I believe pyfits uses them quite a bit, and so they deserve to be documented.

-Travis

_______________________________________________ Numpy-discussion mailing list Numpy-discussion@scipy.org http://projects.scipy.org/mailman/listinfo/numpy-discussion

Travis is correct. PyFITS uses recarrays quite extensively. It was the large, legacy numarray project I was referring too. ;-) I had forgotten about the attribute access. I know a number of people who use that feature in conjunction with matplotlib for plotting data in tables, especially during interactive use. Chris -- Christopher Hanley Systems Software Engineer Space Telescope Science Institute 3700 San Martin Drive Baltimore MD, 21218 (410) 338-4338

Perry Greenfield

7:51 p.m.

Hi Chris, Didn't we remove all dependence on recarray? I could have sworn we did that. Perry On Jun 26, 2008, at 12:45 PM, Christopher Hanley wrote:

...

Travis E. Oliphant wrote:

...
Stéfan van der Walt wrote:

...
Hi all,

I am documenting `recarray`, and have a question:

Is its use still recommended, or has it been superseded by fancy data-types?
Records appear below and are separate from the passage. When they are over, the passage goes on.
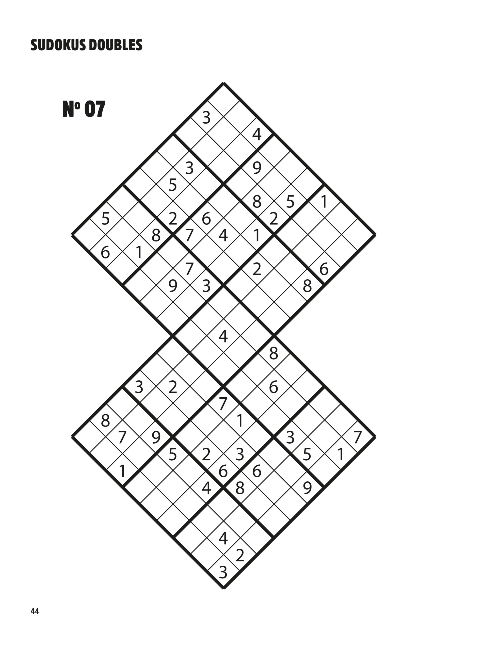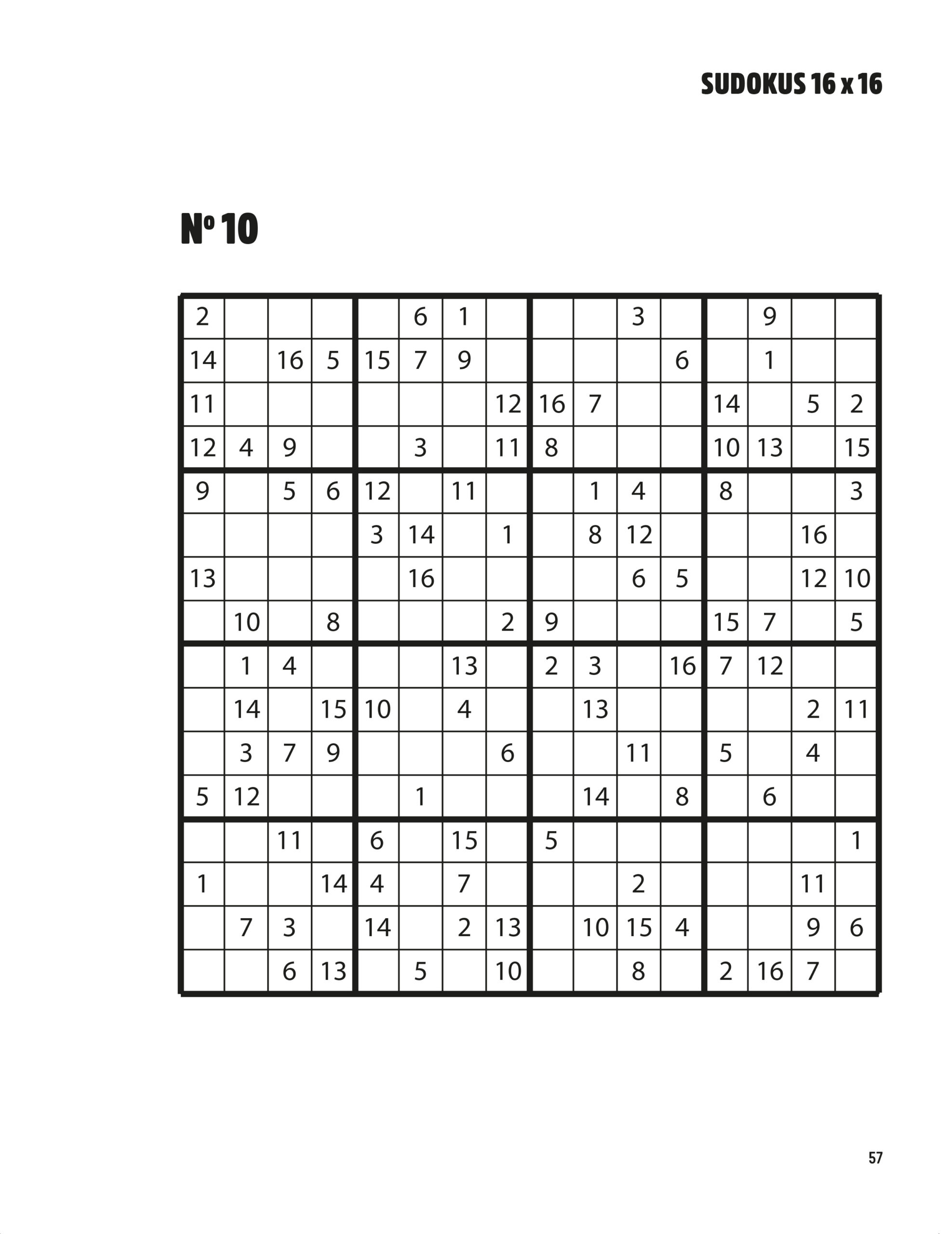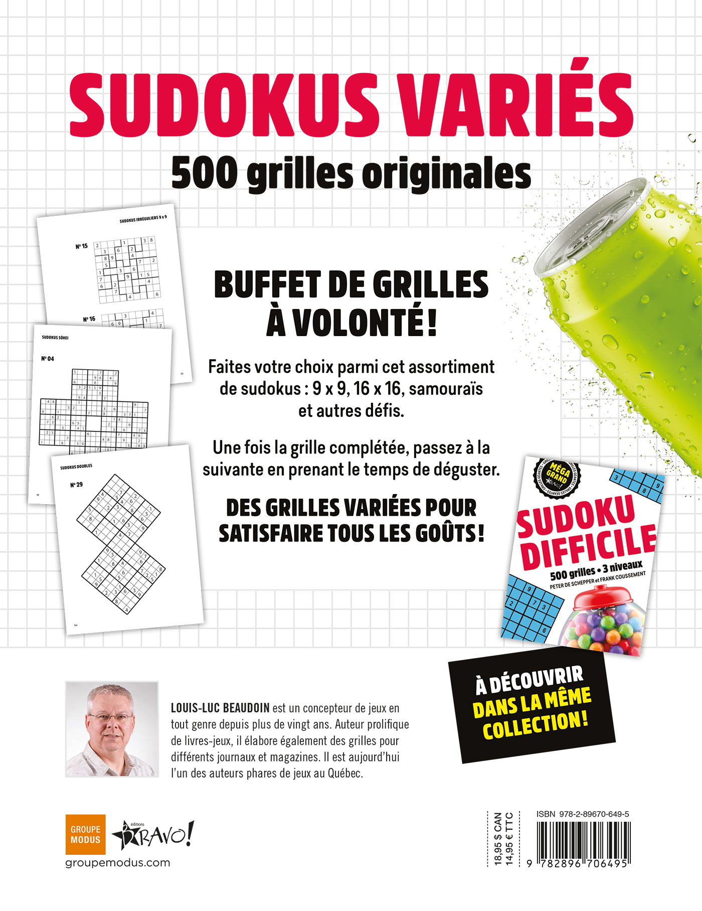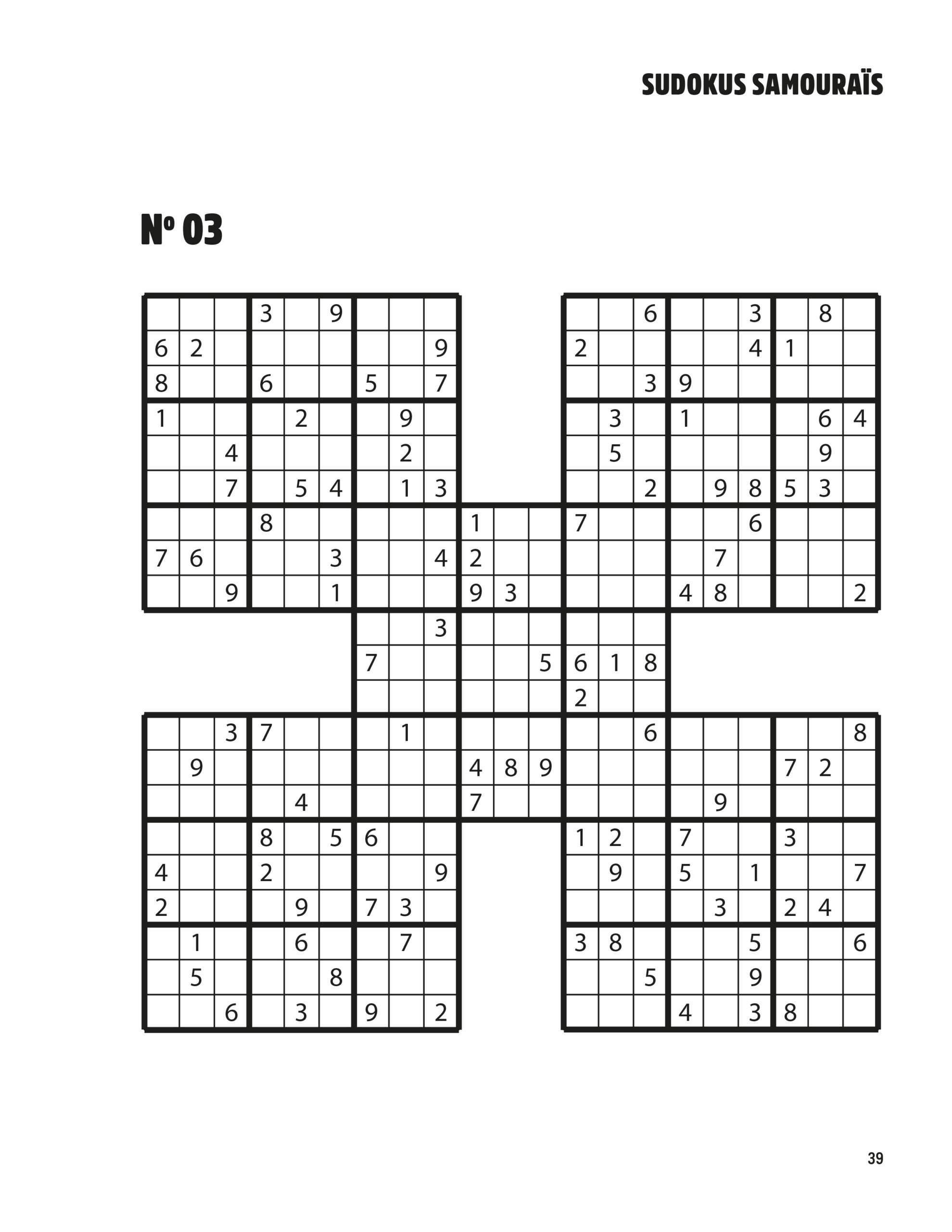 Dans Méga grand - Sudokus variés, découvrez des grilles sudokus de toutes les tailles (7x7, 8x8 et 9x9 et 16x16) et de toutes les formes (irrégulier, double, sōhei et samouraï). Avec plus de 500 grilles de sudokus variés, il y en a pour satisfaire tous les goûts!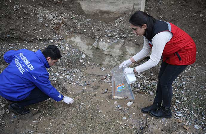 Ekipler, kanaldan ve ölü balıklardan numune aldı.
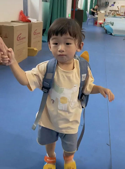 當天的何雯娜穿了一件黑色的短袖上衣,搭配了一條藍色的褲子,肩上挎著一個粉紅色的包,十分低調樸素。女兒穿著黃色的短袖,搭配了一條藍灰色的短褲,腳蹬撞色運動涼鞋背著藍底帶著小柯基的小書包。整個人顯得十分萌。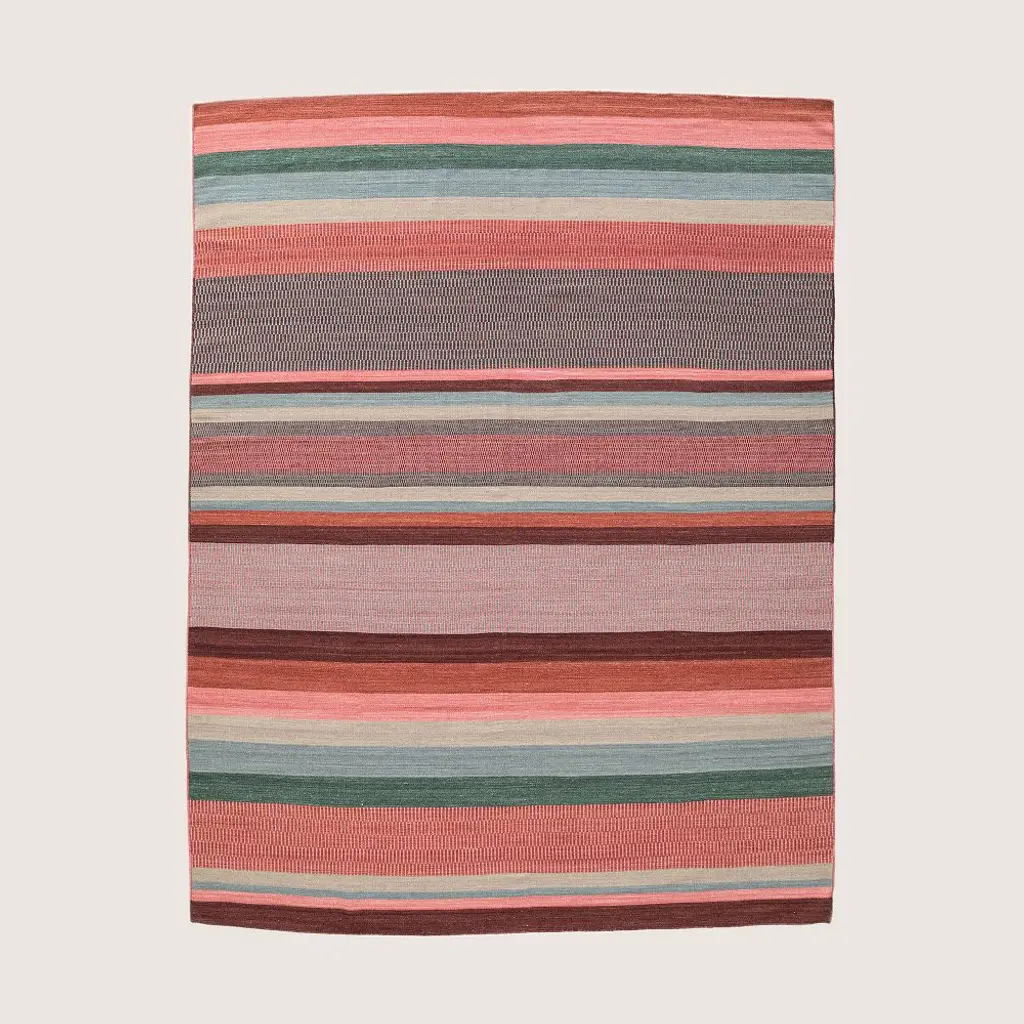 Charm never goes out of style. In a joyful palette of flatwoven stripes, this RWS-certified wool-and-cotton rug layers warmth and cheer into any room. It’s feel-good flooring.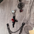 終夜の帳に響く、薔薇と十字の静かな物語 終夜ノ薔薇奇譚カフ 黒いクロスに紅い薔薇を絡め、チェーンと歯車でミステリアスな世界観を表現した片耳用イヤーカフ。 存在感のあるチャームとクラシカルな色彩が、耳元に深紅の夜を咲かせます。 チェーン部分は着脱可能で、シーンやお好みに応じて印象を変えることも可能です。 フック側の石は乳白色にほんのり青みを宿したビーズで、光の角度により幻想的な表情に変わります。 アンティーク×ゴシックを楽しみたい方、ダークロマンな装いのワンポイントに。 【スチームパンク イヤーカフ 薔薇 チェーン ゴシック 黒 赤 十字架】 ご使用にあたってのご注意 ・固定部分は接着剤とレジンで丁寧に加工しております。強度は高いですが、強い衝撃を与えると破損する場合がございますので、やさしくお取り扱いください。 ・金属パーツを使用しております。金属アレルギーをお持ちの方は、ご使用をお控えいただくか、十分にご注意ください。 ・イヤーカフやイヤーフックは、長時間着けても痛くなりにくい仕様ですが、着け心地には個人差がございます。 気になる点やご不安な点がございましたら、ご購入前にお気軽にお問い合わせください。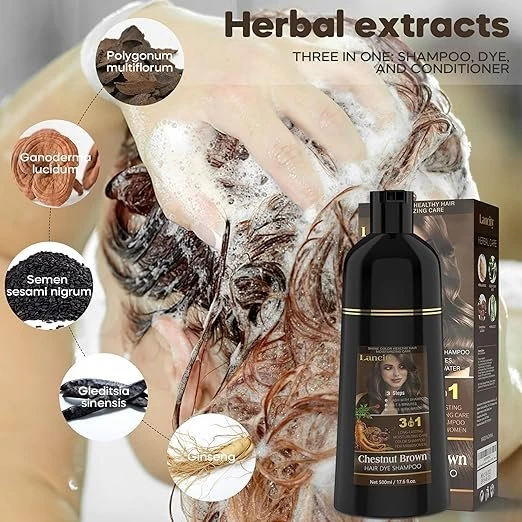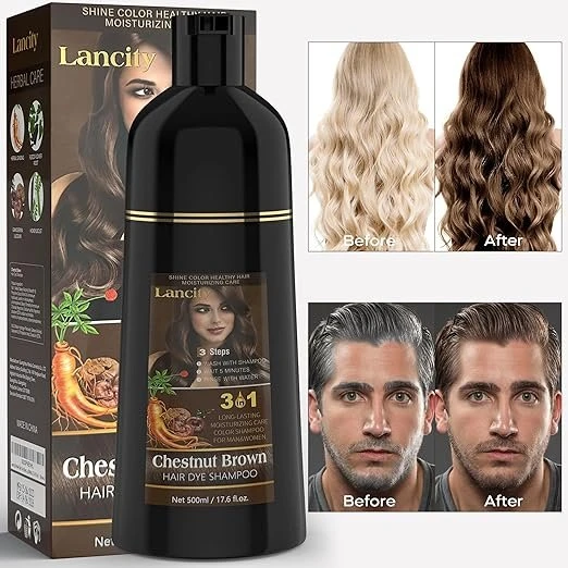 Color, cleanse, and nourish your hair in one simple step with Lancity Hair Dye Shampoo 3-in-1 – Chestnut Brown. Designed with a natural herbal formula, this innovative shampoo instantly delivers even, vibrant color while gently cleansing the scalp and conditioning the hair. Enriched with plant-based ingredients, it ensures deep hydration and long-lasting results—all without the use of ammonia or harsh chemicals. Perfect for those looking to cover gray hair or refresh their natural tone, quickly and safely at home. Key Benefits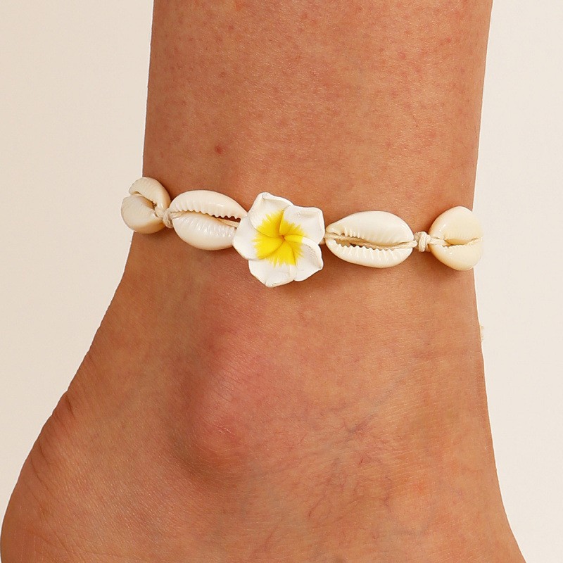 Bransoletka 2w1 na stopę i rękę, na sznurku, MUSZELKI i KWIAT HAWAJSKI B542ZO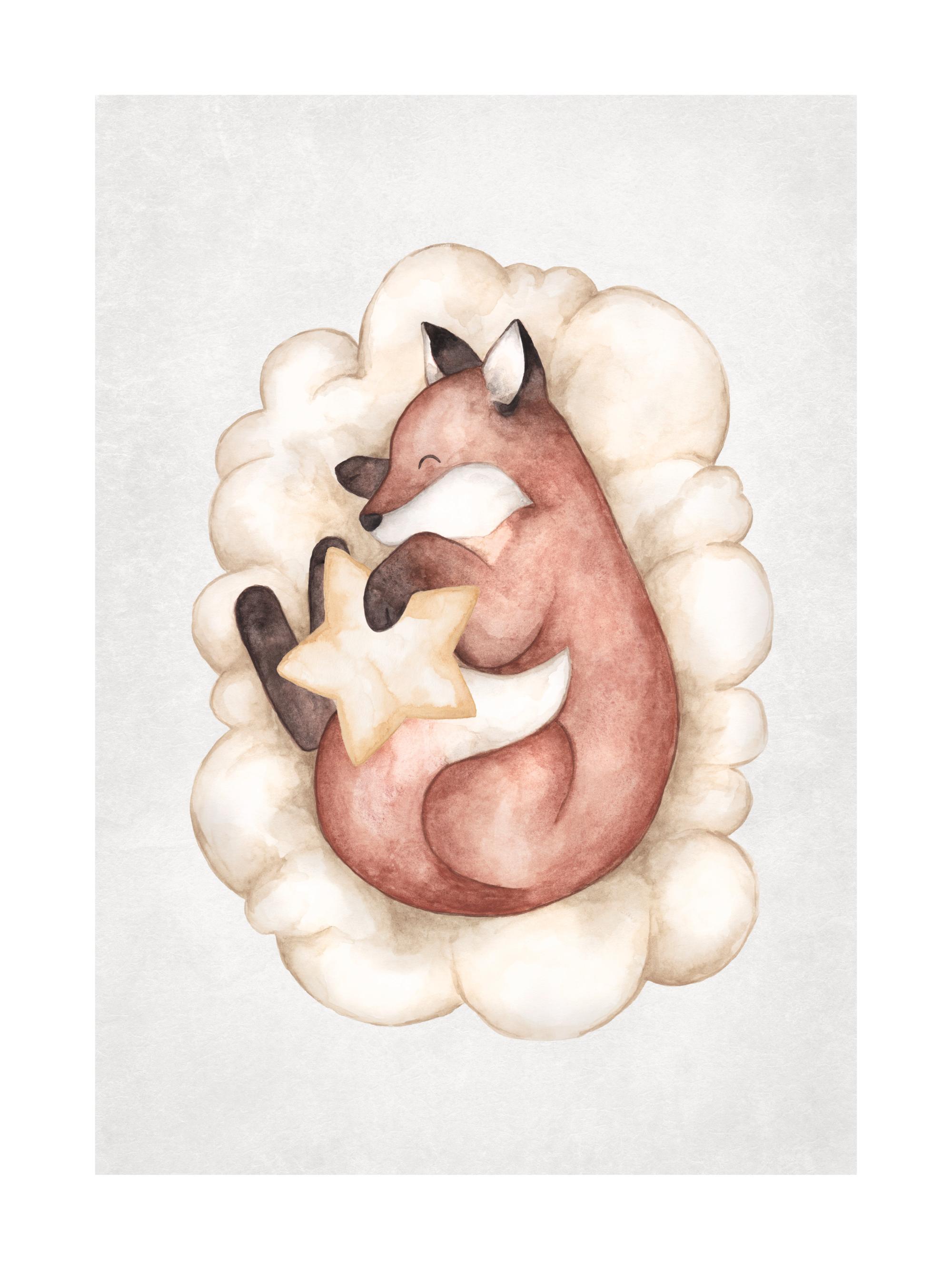 Od 37,77 złAkwarelowy druk przedstawiający liska śpiącego na chmurce, przytulonego do gwiazdki. Zawieś go w pokoju dla najmłodszych.
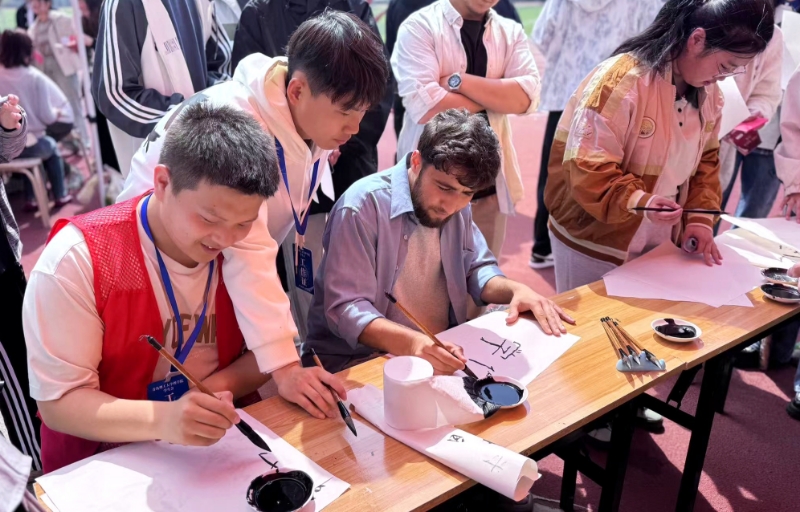 “原来传统曲艺藏着这么多乐趣!第一次见到这么多非遗项目,深刻体会到了中华优秀传统文化的深厚底蕴与迷人风采。”数学242班王雅茹现场学习了打快板,掌心虚拢留出共鸣空间,手腕轻轻一抖,“嗒嗒嗒”清脆的声音便从两块竹板间传了出来。活动还吸引了数十位外籍学生参加体验,“知书达理”社区美育训练营的传统文化宣传员们现场为留学生上了一堂“量身定制”的文化体验课。“我体验了快板、书法、剪纸等多个项目,并把拍摄的照片、视频发给远在家乡的亲友,他们都觉得很有特色很有意思,中华文化真的博大精深。”阿富汗籍留学生米切尔说。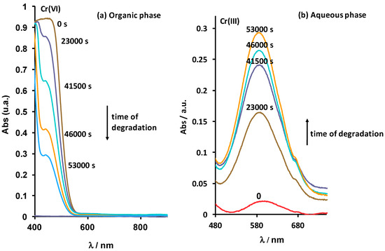 The UV-Visible spectra of the organic and aqueous phases were recorded throughout the degradation test (Figure 2). Figure 2a shows a peak located at 417 nm in the spectrum of the organic phase attributed to Cr(VI) extracted by tri-n-octylamine [10]. The intensity of this peak decreased over time. Figure 2b shows a peak located at 587 nm in the spectrum of the aqueous phase corresponding to Cr(III) [10]. The intensity of this peak increased over time. The decrease of Cr(VI) concentration in the organic phase and the increase of Cr(III) concentration in the aqueous phase can be attributed to the Cr(VI) being stripped from the organic phase into the aqueous phase due to redox reactions responsible for the reduction of Cr(VI) into Cr(III). Cr(III) was spontaneously stripped from the organic phase into the aqueous phase likely due to its having a weak affinity with the extraction solvent because of the electrostatic repulsion between Cr(III) and protonated tri-n-octylamine (see speciation diagram of Cr(III) in Figure 1b, which shows that Cr(III) exists as a cation species).

I rarely recommend it's use (but some people do like attribute access to the fields). It is wrong, however, to say that recarray has been superseded by fancy data types because fancy data types have existed for as long as recarrays.

I believe pyfits uses them quite a bit, and so they deserve to be documented.

-Travis

_______________________________________________ Numpy-discussion mailing list Numpy-discussion@scipy.org http://projects.scipy.org/mailman/listinfo/numpy-discussion

Travis is correct. PyFITS uses recarrays quite extensively. It was the large, legacy numarray project I was referring too. ;-)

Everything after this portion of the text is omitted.